The tech giant plans to teach its AI to find the traits of cancerous cells that trained pathologists do manually by looking at a slice of the patient’s tissue on a glass slide. SRL’s bank of more than one million such slides from past diagnosis will be used as the training material for the AI. Microsoft has already deployed its AI for early detection of blindness in people suffering from diabetes and assessing cardiovascular health of patients.
The company says this cancer-detecting solution won’t replace the need of an oncologist, but the goal is for the AI to speed up, make more accurate and give valid pointers to the doctor to make the right diagnosis. This will reduce the cost of treatment, better utilise the time of trained specialists to reach more patients and make healthcare in general more patient-centric, it adds.
“If you look at AI in general, it’s very good at taking a set of data, reasoning over it and providing insights. This is the same in healthcare, where access to good data combined with the power of machine learning, AI and cloud computing can provide doctors or healthcare providers with insights to make the right diagnosis,” says Anil Bhansali, Managing Director, Microsoft India (R&D).
Bhansali says the company is looking to partner with quality healthcare providers to acquire the large amounts of data that will be used to train the AI first. After the initial training, cases will be introduced to the AI to gauge its performance, before it can be taken out of the walled garden of high-quality data with which it has been trained. Since AI is always learning, every new or odd case it comes across, it can learn from and help with similar diagnosis elsewhere.
The partnership with SRL will give Microsoft access to a large set of high-quality images of tissue biopsies with the labelled diagnosis of a doctor for each one of those. For the Indian firm, the AI could replace the current practice of placing tissue biopsies on glass slides and manually checking them for cell abnormalities, doing away with one of the most laborious processes it follows today. “Unlike a routine blood test that happens using a machine, which is basically a chemical reaction between the antibodies in your blood and reagents, tissue biopsies have to be physically seen by qualified pathologists. They need to then take a judgment call as to whether there is any abnormalities in the cell structure on a microscope,” says Arindam Haldar, chief executive officer, SRL Diagnostics.
While Microsoft has selected India as a site for several of its AI in healthcare pilots, the company says it is building the capabilities for global consumption, as many of the problems India’s healthcare sector face are prevalent globally. Moreover, the company has begun partnering with global healthcare providers to get access to data of patients from those regions to train its AI system as well.

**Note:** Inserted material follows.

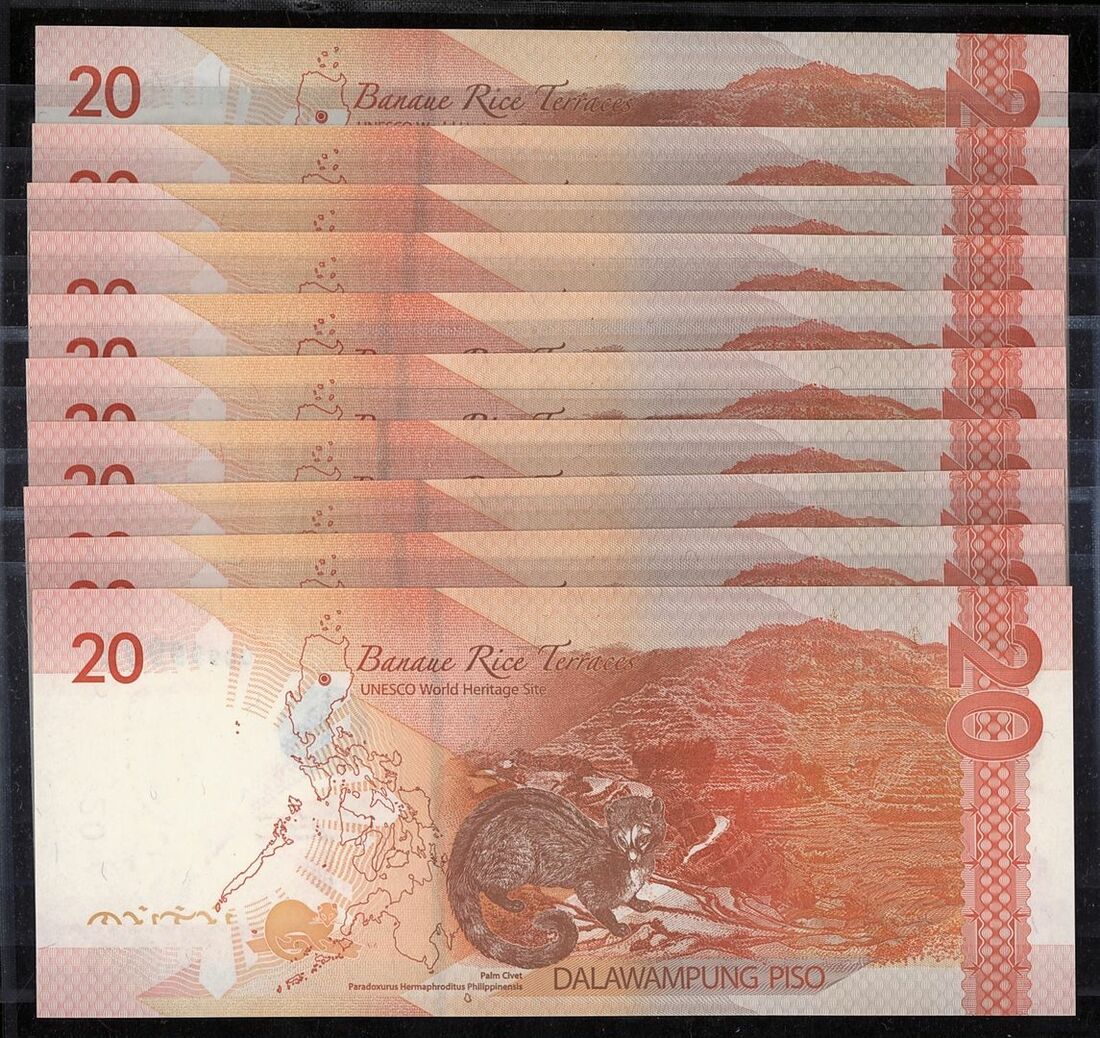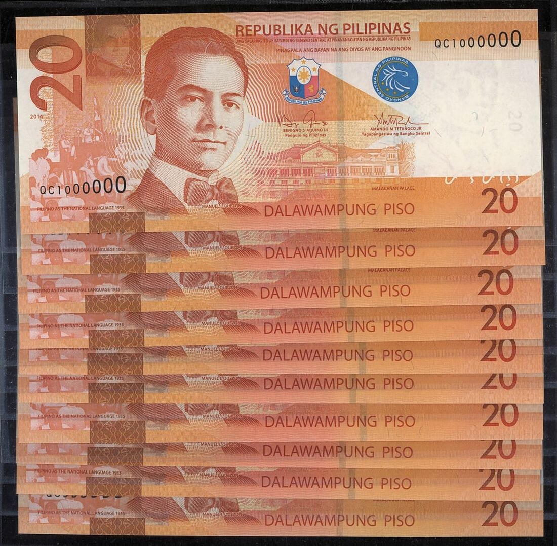 (x) Republic of the Philippines, [10 notes] 20 Piso, 2014, serial numbers QC1000000, QB111111, QB222222, QB333333, QB444444, QB555555, QC666666, QC777777, QC888888, and QC999999,

“One of the key things with AI that we have to be very careful about is that you can train the model, but at the end of the day it will be biased if the data you use to train it is biased. In cardiology one of the examples is the health risk markers which were more or less only from patients in the US or Europe. Hence, we specifically went out to get data on the South Asian population,” added Bhansali.
While neither of the executives believes AI will do healthcare diagnosis by itself anytime in the near future, they are of the opinion that given the constraint of resources in the Indian healthcare market, AI tools will help doctors make many more diagnosis in any day.